Hi Tony,

If this is not 1st level fMRI, my suggestion is to use permutations. Say X is the 4D image (the 4th dimension being the subjects), and Y is the other variable that you're correlating with the image (Y can also be another image of the same size as X). Then write a script in Matlab to shuffle Y randomly, recompute the Spearman's correlation (let's call it r), checking the largest value of r across the statistical map. For each voxel in the unpermuted image, increment a counter if that voxel has larger or equal r than the maximum across the image for that permutation. Repeat this procedure, in a for-loop, many times (a few thousands), and at the end, divide the counter by the number of permutations. Make sure that the 1st permutation in the non-permuted (i.e., without any shuffling). The output will be an image with the corrected p-values. This gives strong, familywise error rate control (FWER), already taking into account, implicitly and without modelling, the spatial interdependence between voxels.

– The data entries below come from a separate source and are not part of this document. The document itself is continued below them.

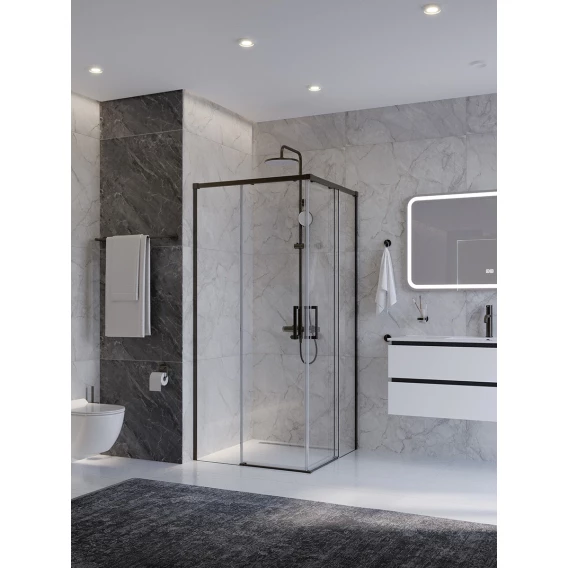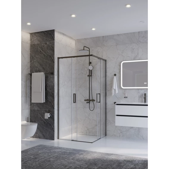 Душевой уголок Cezares Plane PLANE-A-2-90-C-GM 90x90 см, профиль оружейная сталь матовый, стекло прозрачное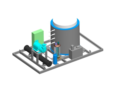 制冰系統采用微電腦全自動控制.缺水、反轉、冰滿,刮冰、高壓、低壓等故障數據反饋到PLC電腦程序內,再由微電腦自動處理后,顯示到電控觸摸屏,人機一體設計理念,讓操控、維護變得隨心而動,蒸發器采用SUS316不銹鋼或碳鋼鍍鉻鑄造而成,海水制冰系采用防腐蝕316不銹鋼材質和玻璃纖維表面處理工藝內部螺旋槽結構設計V型坡口焊接技術,蒸發器進行了高溫退火工藝,消除了鋼材內應力,內部烤漆處理,使流道焊接點定型,減少產生氟利昂泄露現象,設備長期使用過程中,低溫低壓下保持形狀大大提高了蒸發器和制冰系統的整體使用壽命.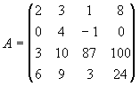 Assim , por exemplo , na matriz X do exemplo anterior , temos a23 = 2 , a31 = 4 , a33 = 3 , a3,2 = 5 , etc.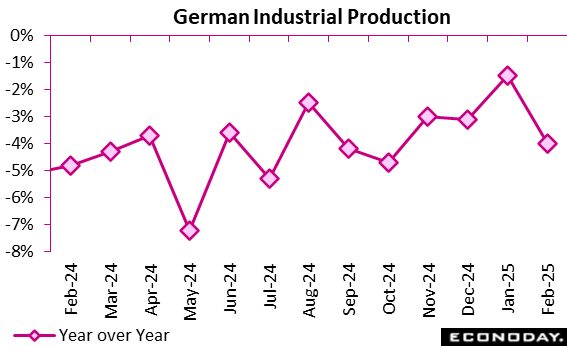 In February, Germany’s industrial output contracted by 1.3 percent from the previous month and fell 4.0 percent year-over-year, highlighting persistent weaknesses in key sectors. While the broader three-month trend showed a slight 0.1 percent increase, this did not mask sector-specific downturns. The construction industry led the decline with a 3.2 percent drop, followed by steep falls in food production (minus 5.3 percent) and energy output (minus 3.3 percent), reflecting a combination of seasonal factors and structural pressures.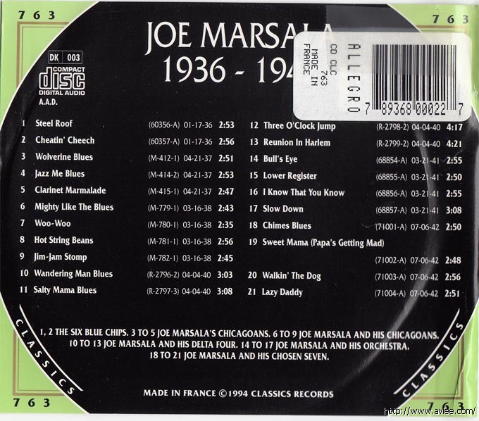 唱片曲目: 1. Steel Roof 2. Cheatin' Cheech 3. Wolverine Blues 4. Jazz Me Blues 5. Clarinet Marmalade 6. Mighty Like The Blues 7. Woo-Woo 8. Hot String Beans 9. Jim-Jam Stomp 10. Wandering Man Blues 11. Salty Mama Blues 12. Three O'Clock Blues 13. Reunion In Harlem 14. Bull's Eye 15. Lower Register 16. I Know That You Know 17. Slow Down 18. Chimes Blues 19. Sweet Mama (Papa's Getting Mad) 20. Walkin' The Dog 21. Lazy Daddy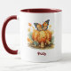 Enjoy your favourite beverage in this charming personalised Autumn mug! A cute pumpkin and butterfly design sets the vibe for a cosy Fall morning or evening where you can sit a relax with your morning coffee or tea. This mug can be personalised to include your name or the name of a special person to give to as the perfect gift.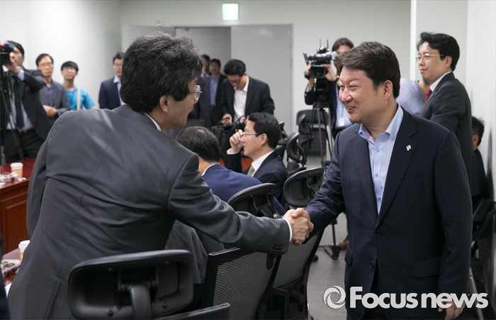 (서울=포커스뉴스) 권영진(오른쪽) 대구시장이 1일 오전 서울 여의도 국회 의원회관에서 영남권 신공항 백지화 및 대구 공군비행장 이전과 존치문제 등 논의를 위해 열린 새누리당 대구지역 의원들과의 간담회에 참석해 유승민 의원과 인사하고 있다.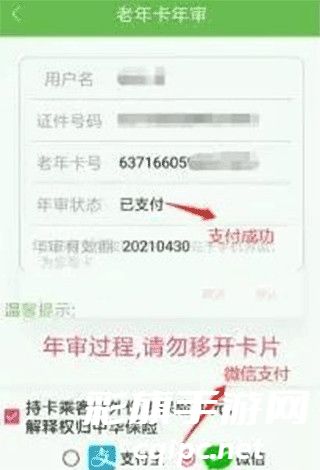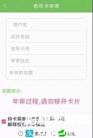 2、登录后返回首页,选择“老年卡年审”功能,选择保费支付方式(微信或者支付宝);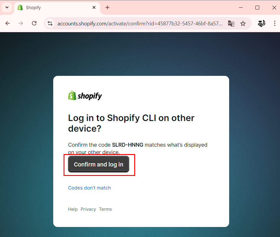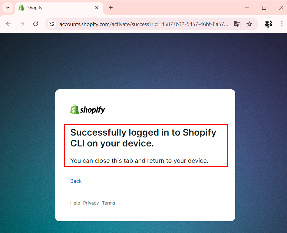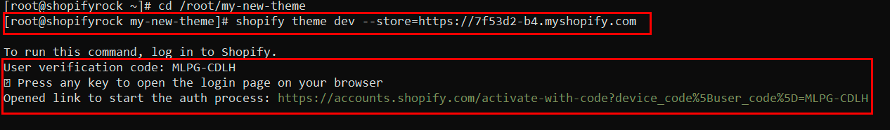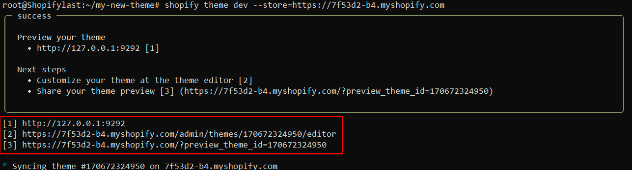 After successful authentication, a "Logged in" message will appear in the terminal, and the command requiring authorization will start executing. You'll also see links for viewing and editing the theme locally and within Shopify's admin panel: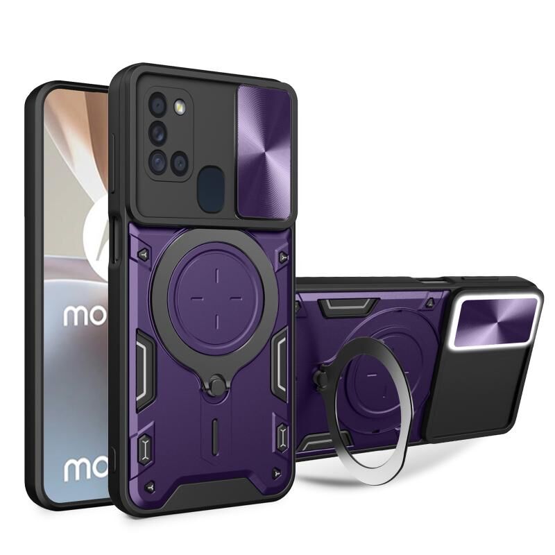 Θήκη κινητού τηλεφώνου για Samsung Galaxy A21s με υφή CD, συρόμενο προστατευτικό κάμερας και μαγνητική βάση (Ροζ)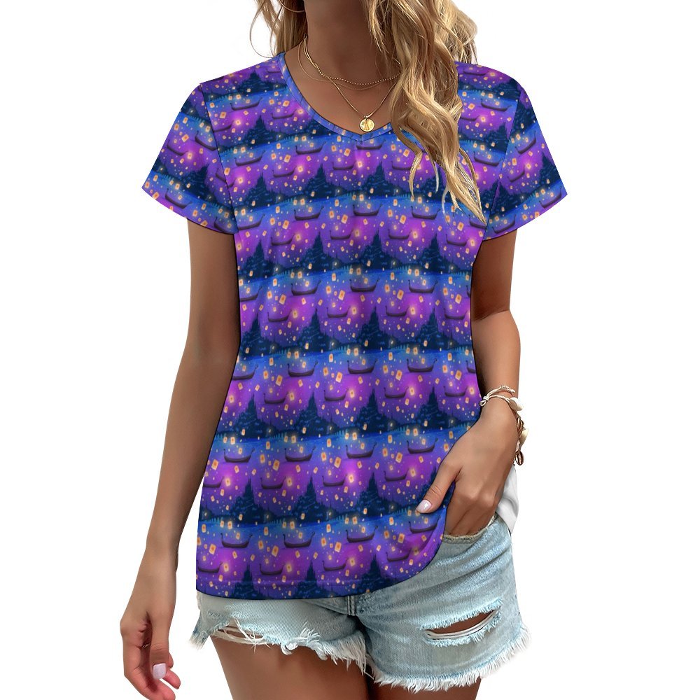 Floating Lanterns Women's V-Neck Short Sleeve T-Shirt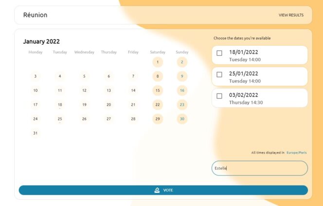 Cette alternative à Doodle offre la possibilité de concevoir des sondages gratuitement, sans avoir besoin de créer de compte et sans publicités affichées. Vous pouvez créer un sondage avec plusieurs dates pour fixer un événement (réunions, rendez-vous…) ou un sondage avec plusieurs réponses sous forme de texte. Il suffit ensuite de copier le lien pour envoyer votre sondage aux personnes concernées.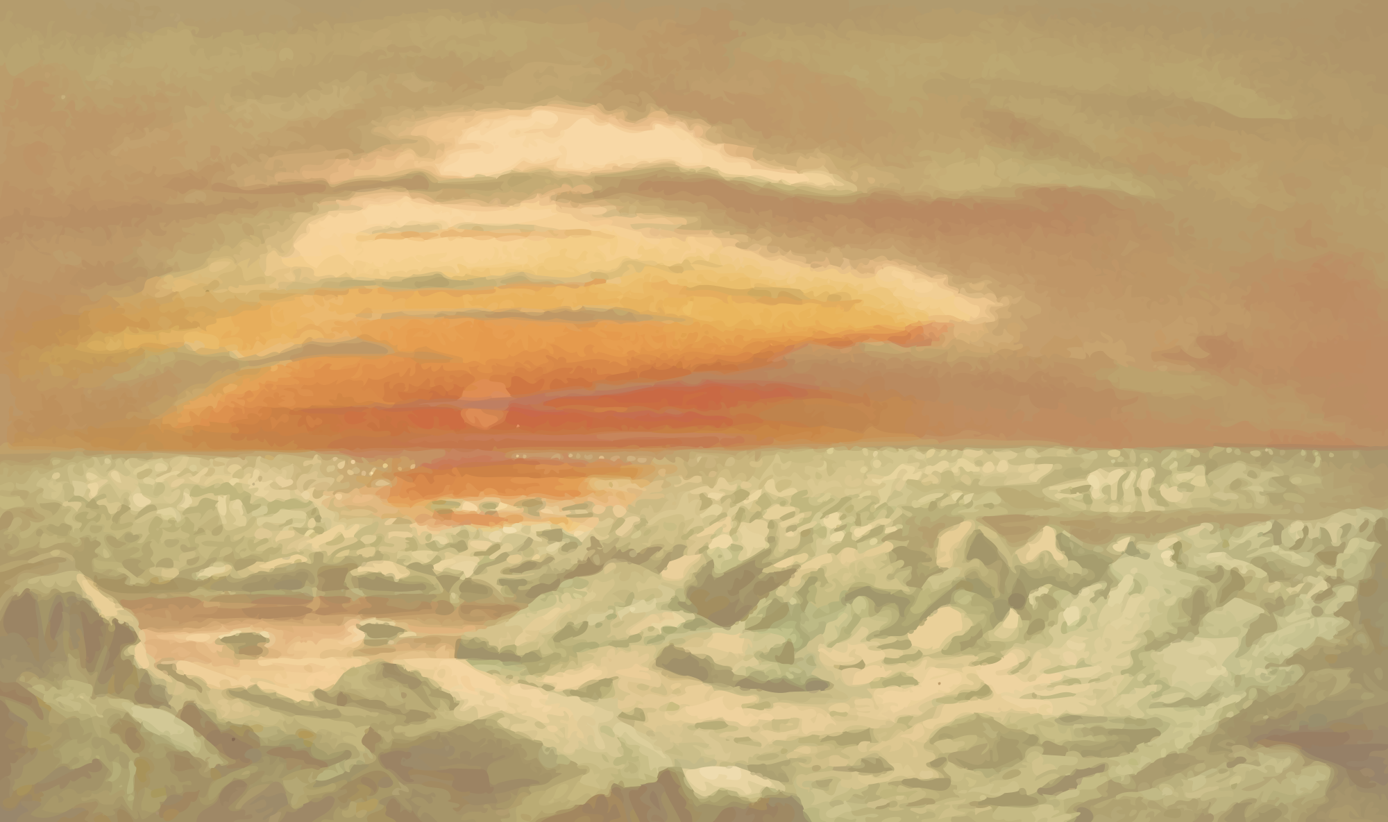 - arctic art ice iceberg midsummer night ocean sea summer watercolor watercolour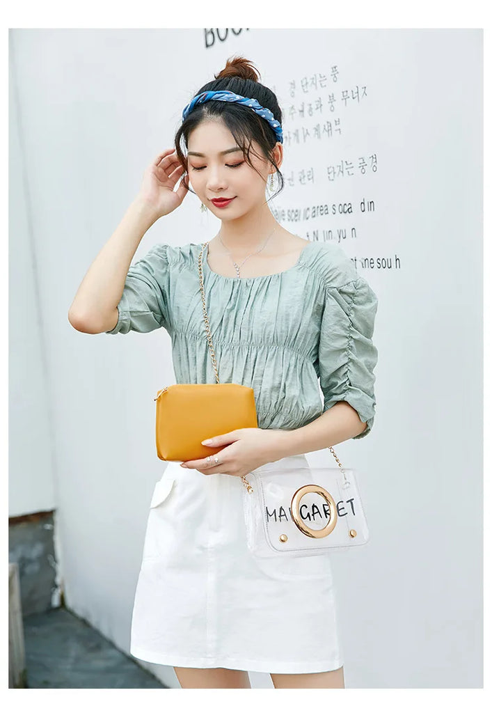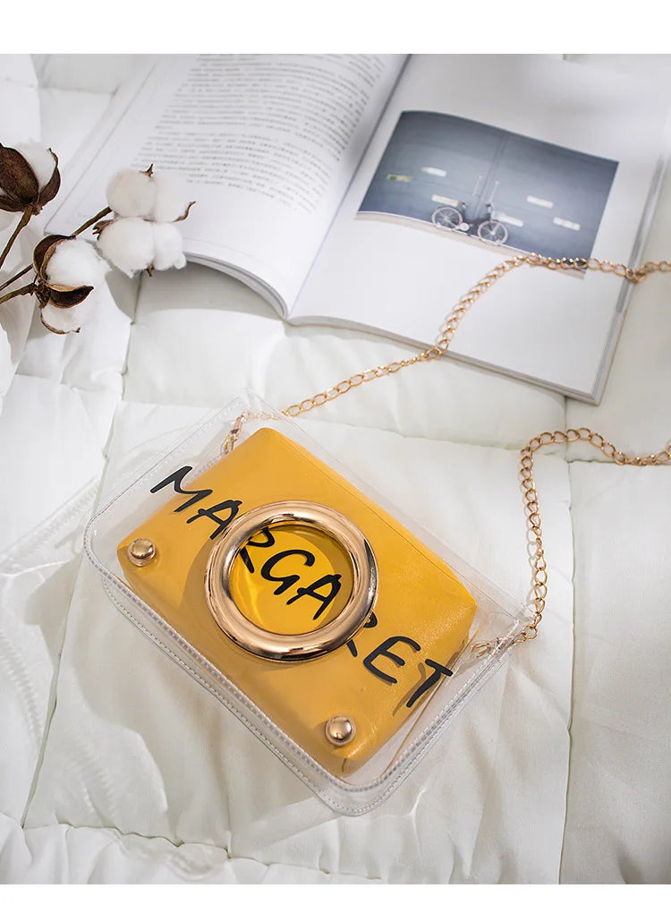 Stay stylish and trendy with this clear shoulder crossbody bag made of PU and PVC. Perfect for casual outings, it features a chain strap for added flair.

If Y is another 4D image, each volume needs to be shuffled as a whole.

The same idea applies to corrected p-values for clusters. Have a look at Matlab's function bwconncomp, which labels and calculates the sizes of connected voxels (it's part of the Image Processing toolbox; if you don't have it, it's available in recent Octave versions in the "image" package; another option is Jesper Andersson's spm_bwlabel funcion, that comes with SPM). You'd need to run the labelling for each permutation, and increment the counter just in the same way as for the voxelwise image.

Alternatively, and much simpler (or if this is 1st level fMRI), is if you are calculating the Spearman p-values using some parametric approximation. In this case, you can use false discovery rate (FDR). It's not the same as FWER, but it's an assumption free method to address the same multiple testing problem.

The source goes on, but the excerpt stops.